A = np.array(taxi_summary[['PULocationID', 'DOLocationID', 'hour']])
T = [x for x in range(24)]

#Calculate Pick probabilty for all location and time
p_pick = get_pickup_prob(taxi_pickup, taxi_dropoff)

#Get Transit probability between L and L1 at time t
p_tran = get_tranist_prob(taxi_transit)

r = np.array(taxi_summary[['PULocationID', 'DOLocationID','hour', 'trip_revenue']])
t_drive = np.array(taxi_summary[['PULocationID', 'DOLocationID','hour','trip_duration']])
t_wait = np.array(taxi_summary[['PULocationID', 'DOLocationID', 'hour', 'trip_duration']])  

We have all the information we need to train our algorithm.

Applying a reinforcement learning model to the TLC Yellow taxi data we can obtain an optimal policy can be
obtained that maximizes the income generated by a single driver.
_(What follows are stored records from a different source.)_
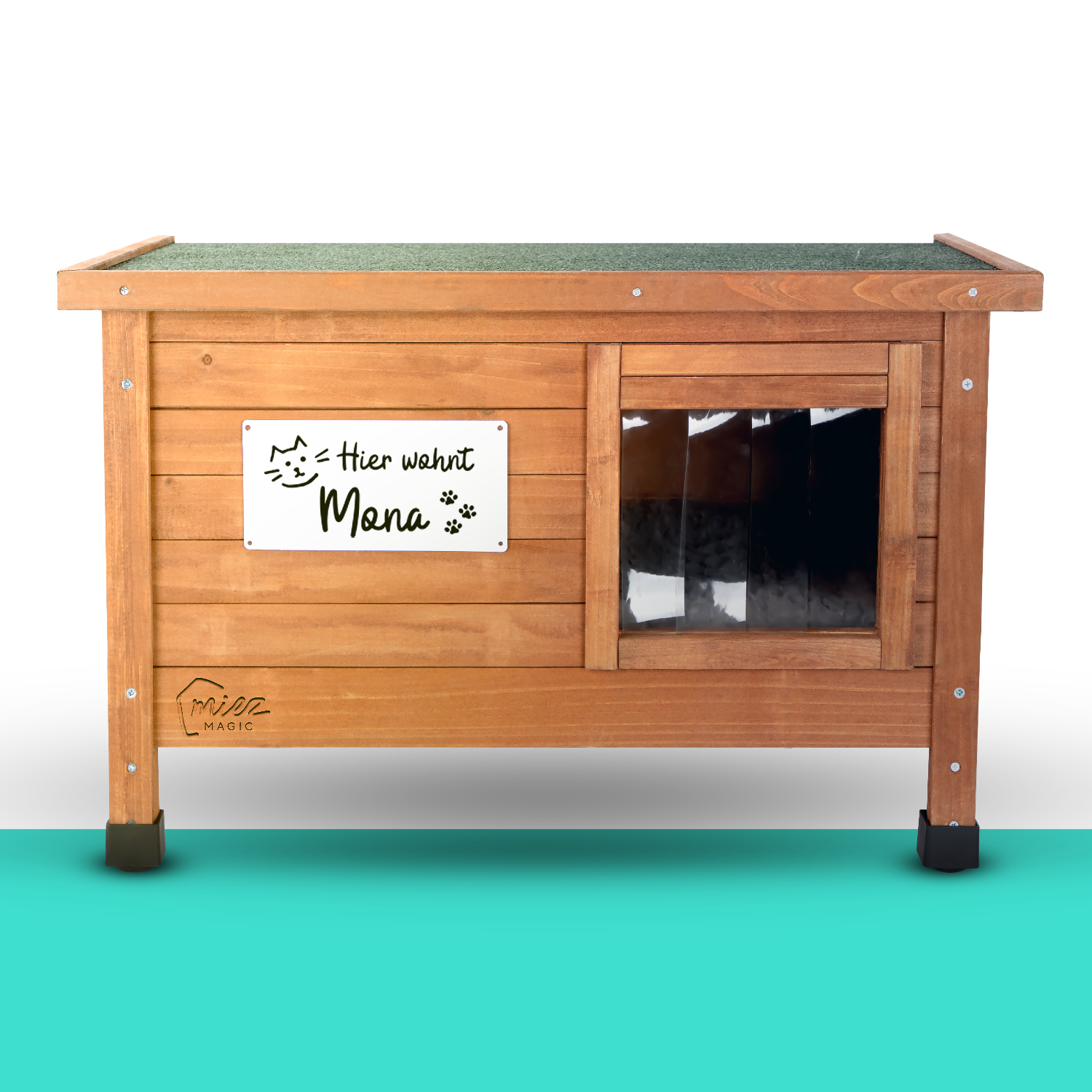 Was ist ein Haus ohne Türschild? Mit dem PVC-Schild im Lieferumfang, verleihst Du dem Katzenhaus eine persönliche Note.
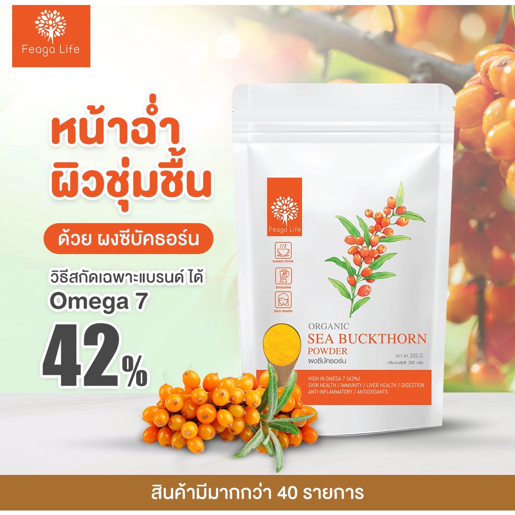 ผงซีบัคธอร์น ผิวชุ่มชื้น ช่วยย่อย Sea Buckthorn Powder ยี่ห้อ Feaga Life ฟีก้าไลฟ์ ปริมาณ 200 กรัม
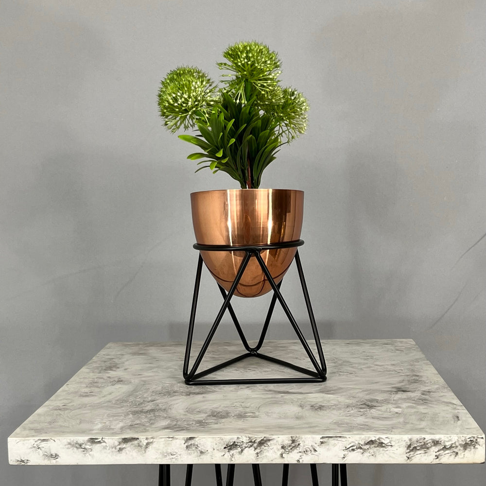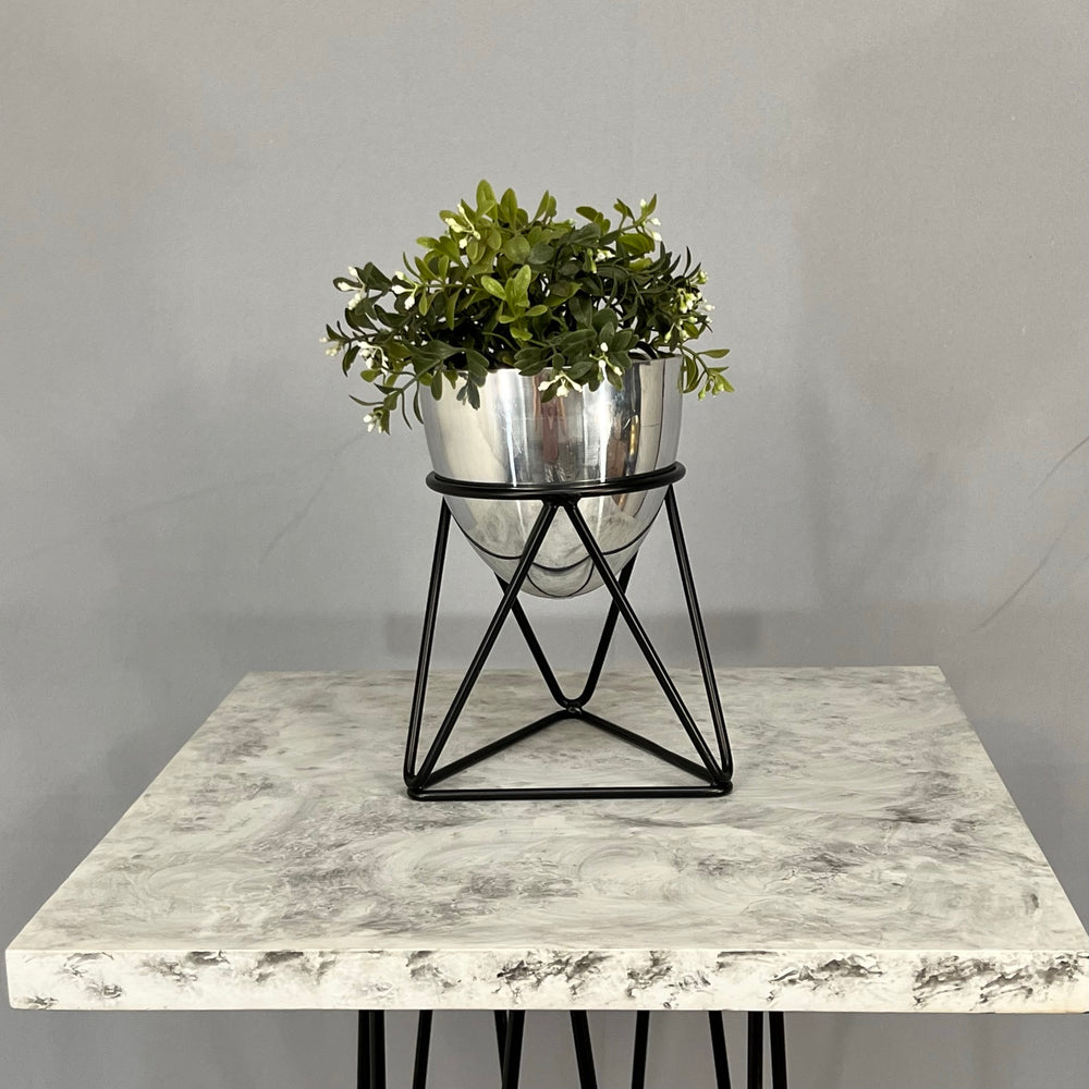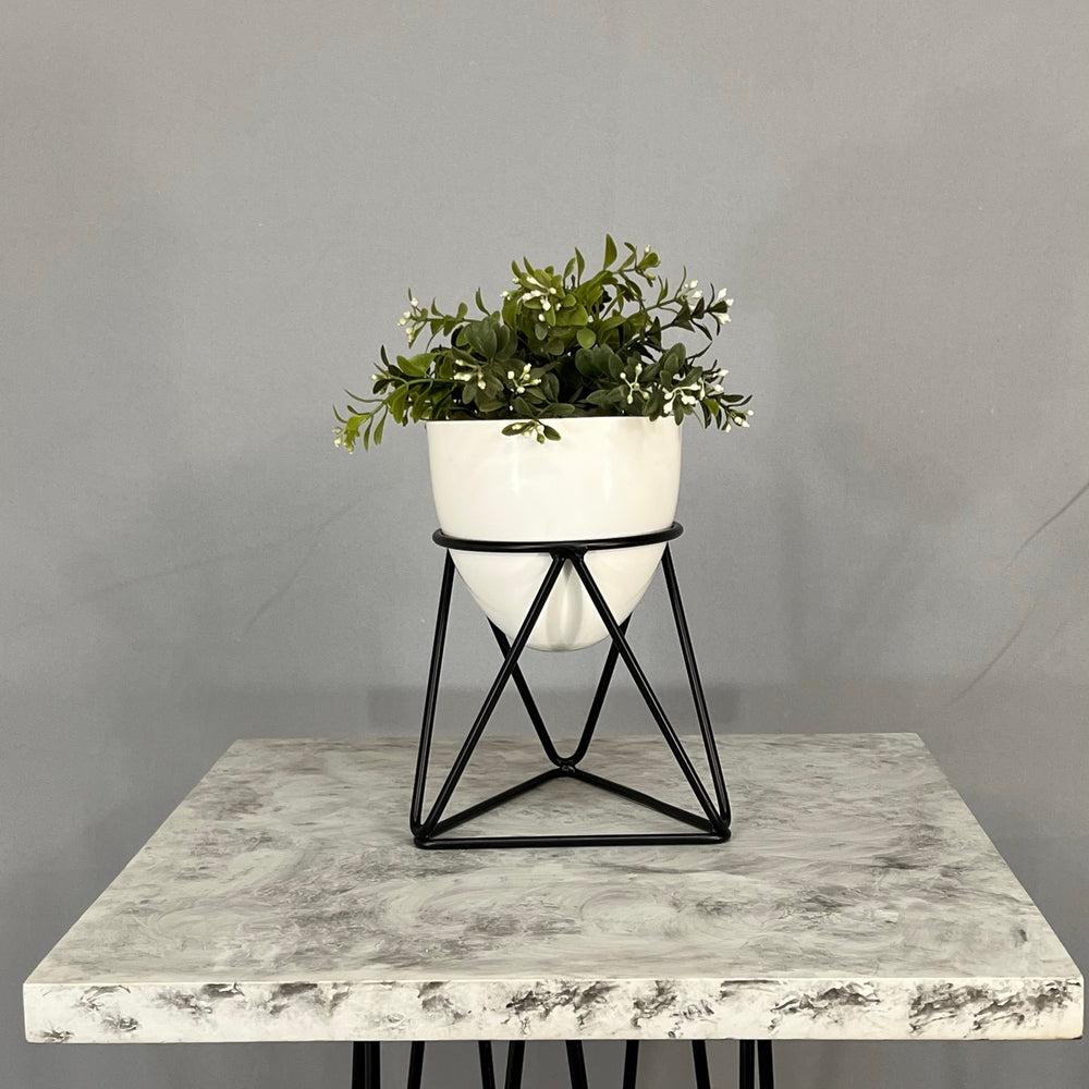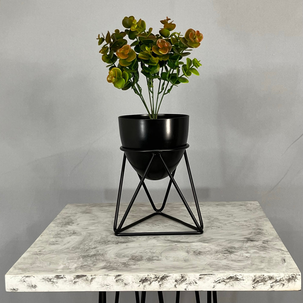 Base en Alambre con acabado en pintura electroestatica, cuenta con 15 cm de alto y un diametro de 12 cm. Matera en forma de Huevo de 12 cm de diametro en Aluminio , tiene acabado en pintura liquida horneable. No incluye planta.
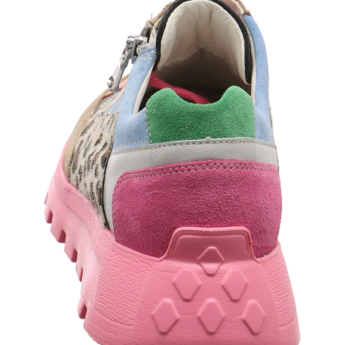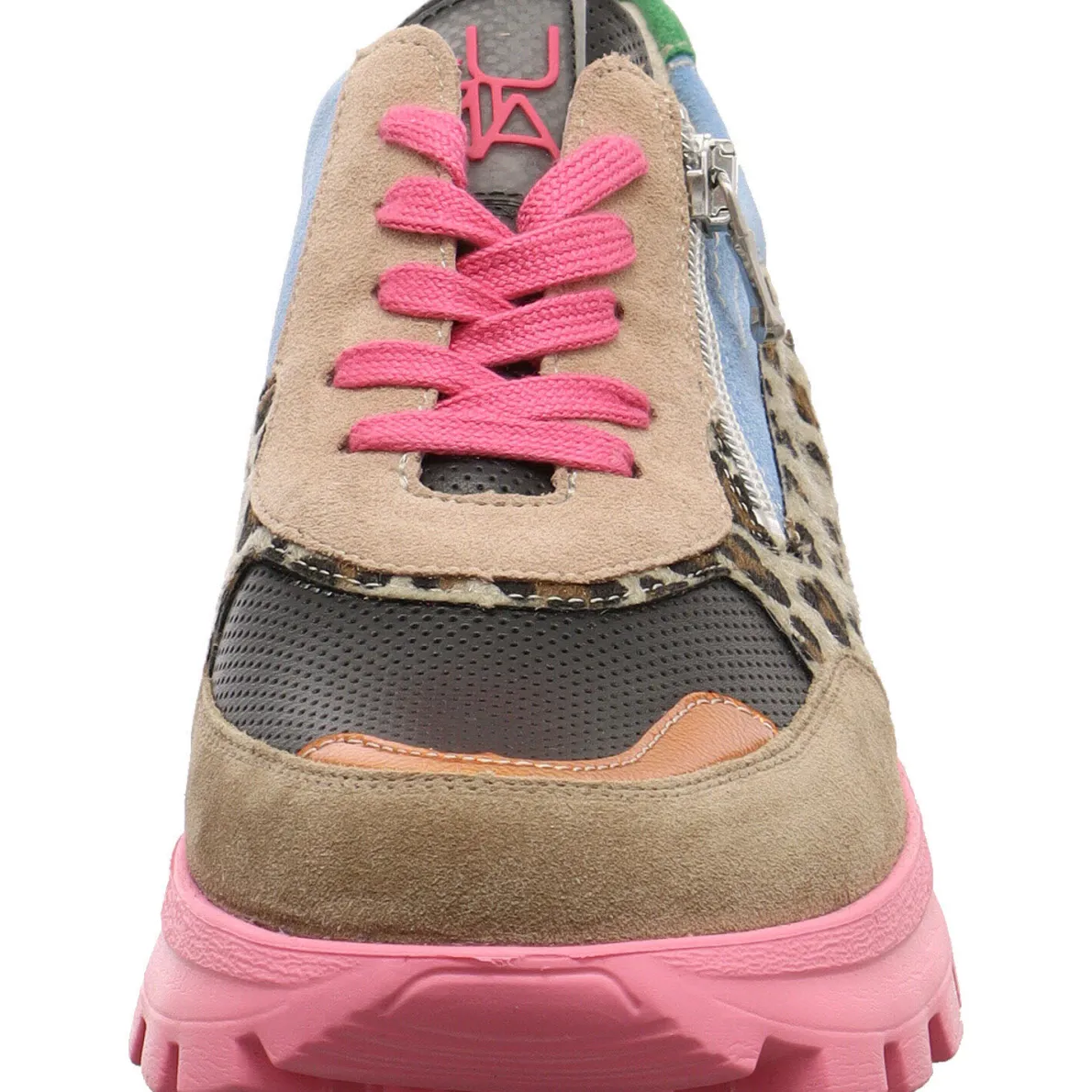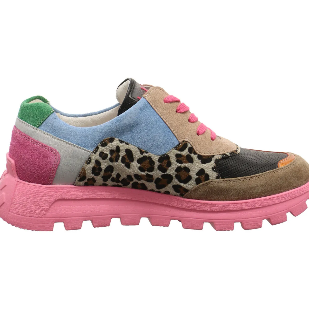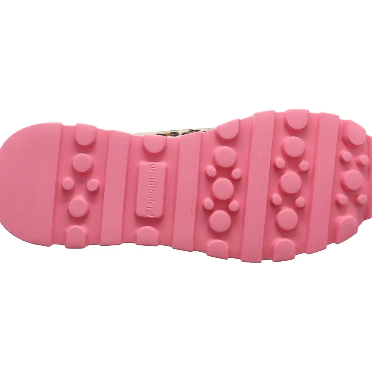 Mit dem komfortablem H-Ajala Damen Sneaker von Waldläufer bleiben keine Wünsche offen. Er wurde aus einem Mix aus hochwertigem Veloursleder, perforiertem Glattleder und Parts aus Textil gefertigt. Dieser absolute Trendsneaker überzeugt mit knalligen Farben und einem Einsatz in angesagtem Leoparden Muster. Einsätze in Blau, Grün, Beige, Pink und Braun in Veloursleder machen den Schuh zum Eyecatcher zu jedem Outfit. Der Einsatz in Schwarz und Orange aus Glattleder runden das Design gekonnt ab.
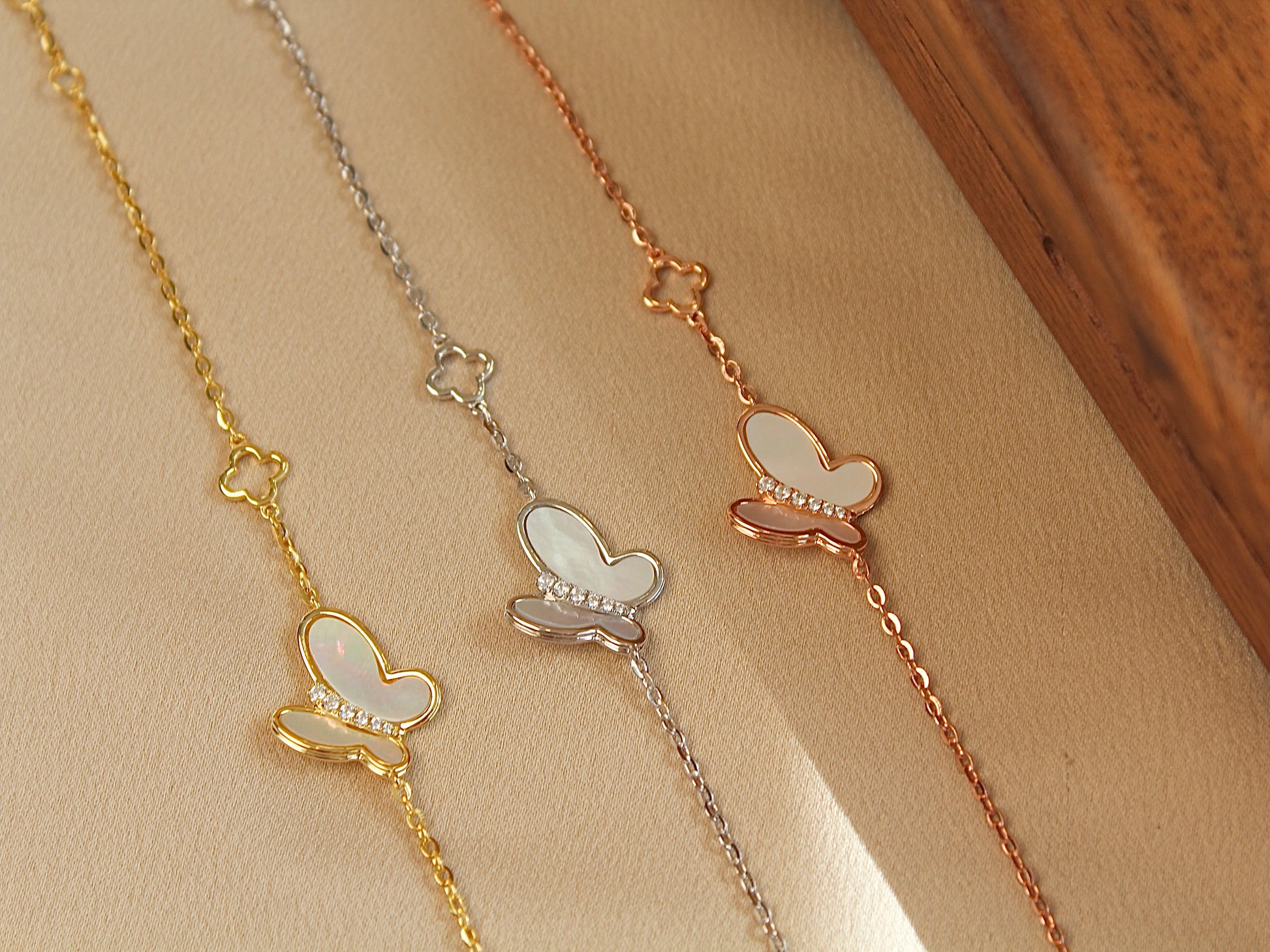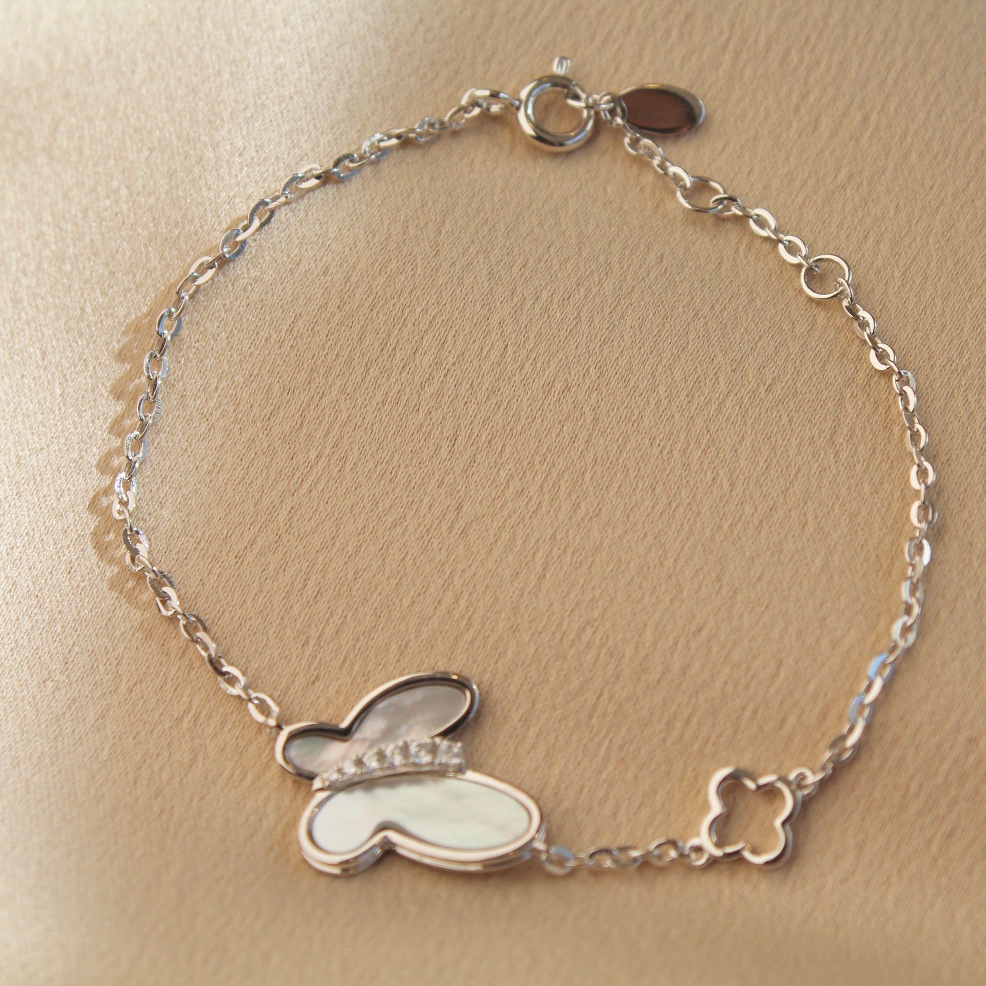 Butterfly Mother of Pearl Bracelet, Silver Color

Given a starting location and a time of the day this
model can direct drivers to the optimal location to find a customer. 

***Note :- Due to time constraint I stopped here for addressing the solution of question 1. I hope my overall approach to address the given solution is clear.***

## Question 2 Solution

The data lacks the feedback from the driver about their intention for moving to specific location. This is an important information that will enhance our model to calculate the probability value (both pickup and transition probability).